= How to complete this task =
Find the line with "Keeperボルトの中で直接" in the data below. Repeat it and every line after it up to the end, exactly, but drop the pictures.

Information shown section start

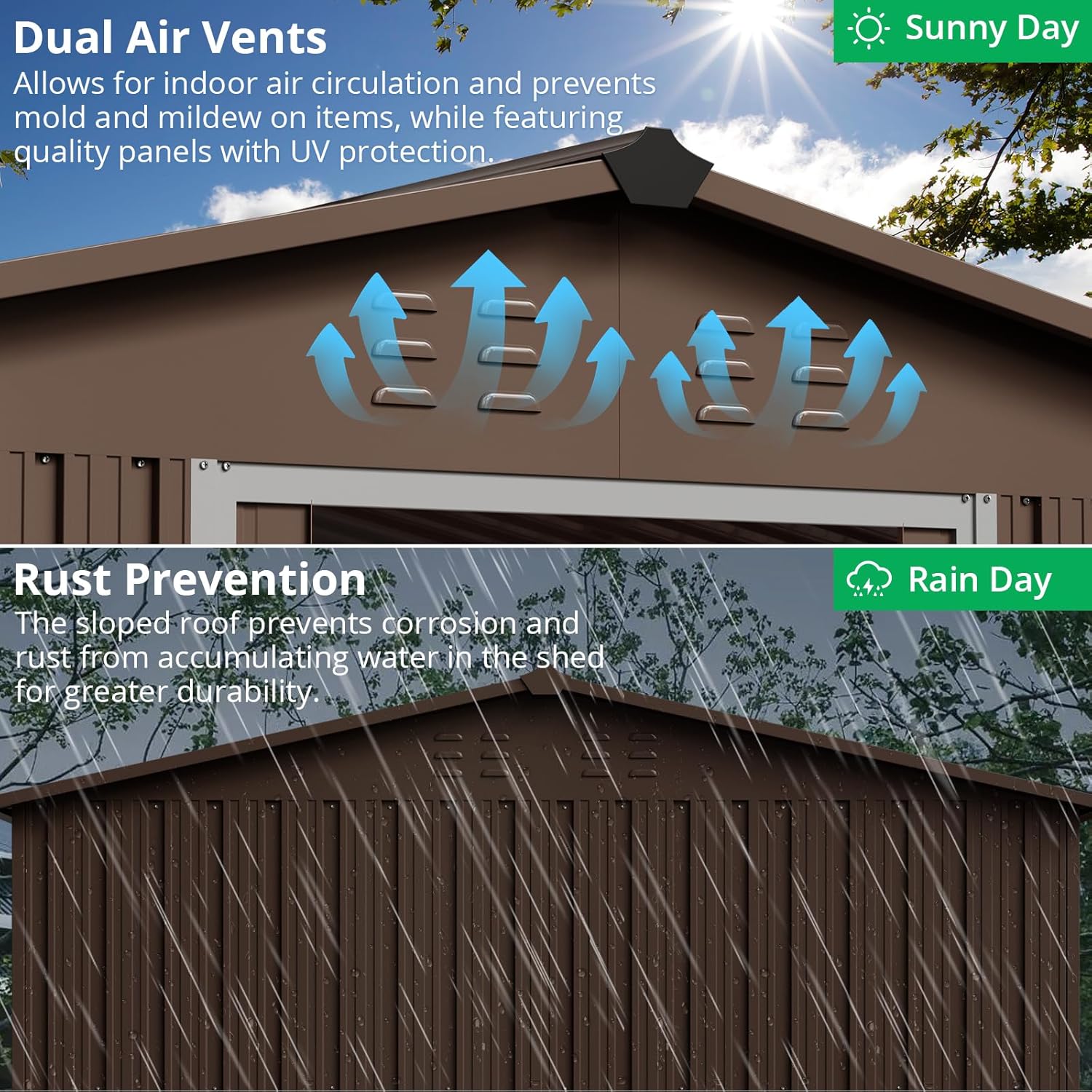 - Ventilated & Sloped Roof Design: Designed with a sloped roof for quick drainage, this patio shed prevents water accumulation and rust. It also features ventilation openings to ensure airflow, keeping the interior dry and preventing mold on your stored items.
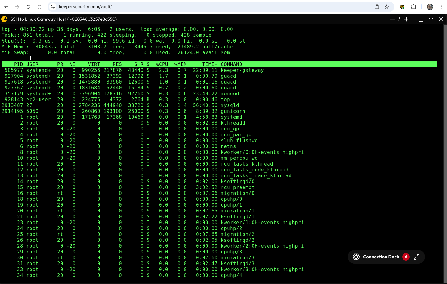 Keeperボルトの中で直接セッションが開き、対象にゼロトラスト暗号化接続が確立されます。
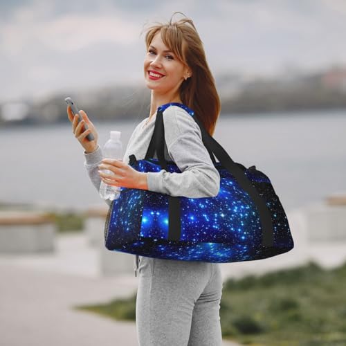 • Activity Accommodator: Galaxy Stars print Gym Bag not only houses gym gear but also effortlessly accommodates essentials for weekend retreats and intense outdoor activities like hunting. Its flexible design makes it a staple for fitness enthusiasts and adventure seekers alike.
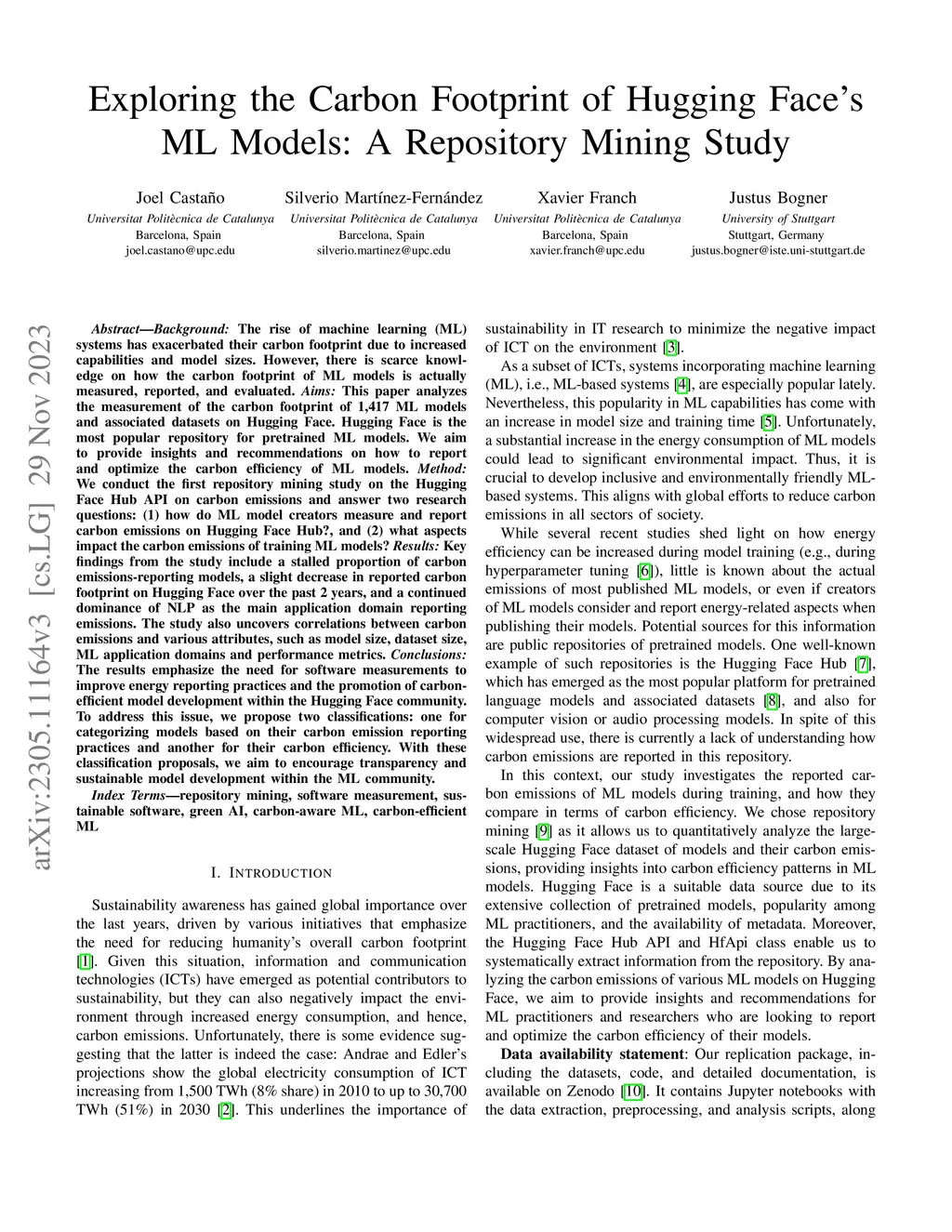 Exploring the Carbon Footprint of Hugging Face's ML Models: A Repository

Information shown section end

= Answer to this problem =
 Keeperボルトの中で直接セッションが開き、対象にゼロトラスト暗号化接続が確立されます。
 • Activity Accommodator: Galaxy Stars print Gym Bag not only houses gym gear but also effortlessly accommodates essentials for weekend retreats and intense outdoor activities like hunting. Its flexible design makes it a staple for fitness enthusiasts and adventure seekers alike.
 Exploring the Carbon Footprint of Hugging Face's ML Models: A Repository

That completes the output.